With bankruptcy filings sky-rocketing over the past couple of years, it is only logical to hold that bankruptcy lawyers are cleaning up; that’s at least what the wave of advertisements and the “free consultation” signs many are hanging suggest.
While most lawyers in New York City said their firms have been thriving since the economy collapsed last year, many others disagree.
Lawyer Jacob Silver said his firm has received a significant boost in the past couple of years. People are “so highly leveraged today,” Silver said. It’s becoming a “cashless society”, he added. As soon as people lose their source of income, many are often left in debt; resulting in more business for bankruptcy attorneys.
“My practice is booming,” Silver said. “I’m very busy.”
However, getting more cases does not necessarily mean more profit for many law firms. Some lawyers said their firms did not benefit as one may expect.
Lawyer Derrick Hanna said he believed bankruptcy doubled since last year, but his firm has not been getting more profits.
Some 40 percent of bankruptcy cases are self applied, Hanna said. Fewer people are willing or able to pay the high fees, he added.
The average fee for filing bankruptcy is $1,500 – a substantial amount of money for people with a yearly income of less than $45,000, the median income that allows someone to file for bankruptcy.
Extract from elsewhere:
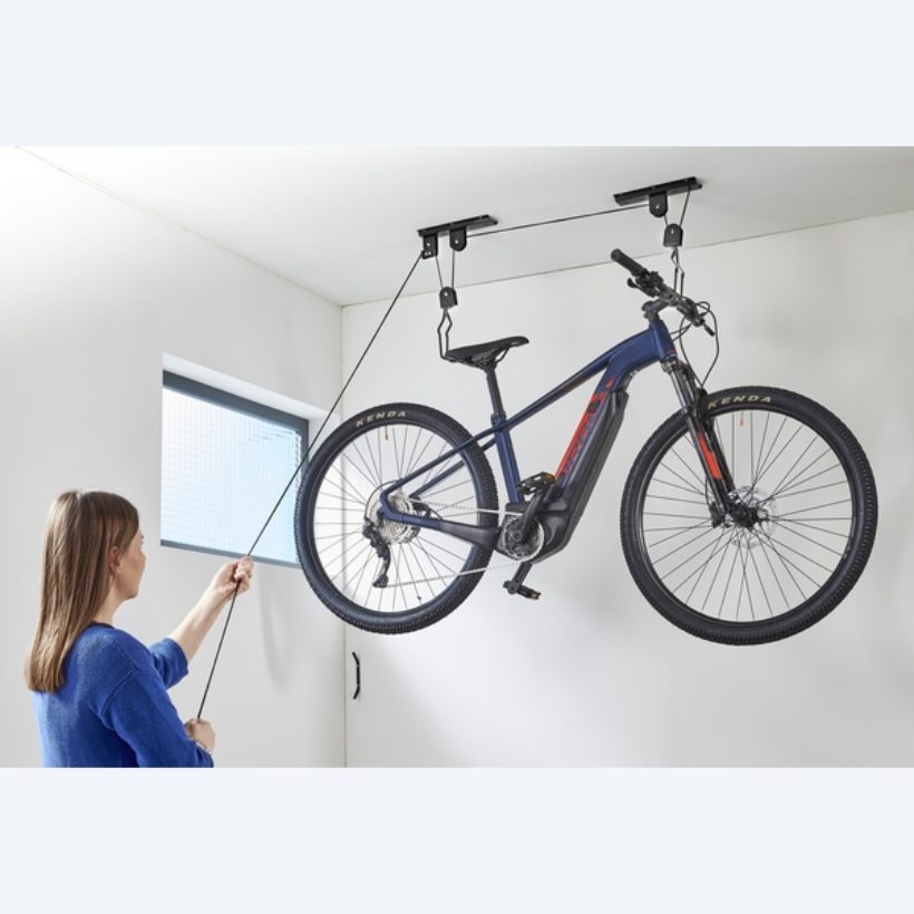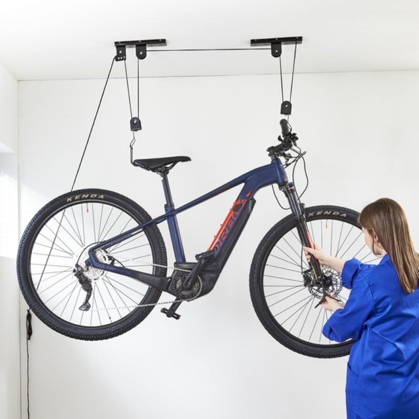 Le lève vélo est l’outil idéal pour ranger, nettoyer et réparer votre vélo à la bonne hauteur. Conçu pour un seul vélo, il se distingue par un système de levage optimisé pour un encombrement minimal au sol. Avec un blocage automatique, il offre une hauteur maximale de 4 mètres et peut soulever un vélo pesant jusqu'à 30 kg grâce à sa corde de 14 mètres. Les plaques à fixer au plafond mesurent 250 mm de longueur et 85 mm de largeur, garantissant ainsi une installation sécurisée et pratique.

The lack of business has caused Hanna’s firm, Hanna and Vlakhas, to trim its number of employees.
The scene is not that different at the law offices of Glenn S. Kessler.
“When there is an economic downturn,” lawyer Glenn Kessler said, “those attorneys whose practice suffers seek other areas of practice to make a living.”
The competition is out of control, Kessler said.
“I’m spending more on advertisement than I used to before the economic downturn,” he said.
Seems that not every cloud has a silver lining after all!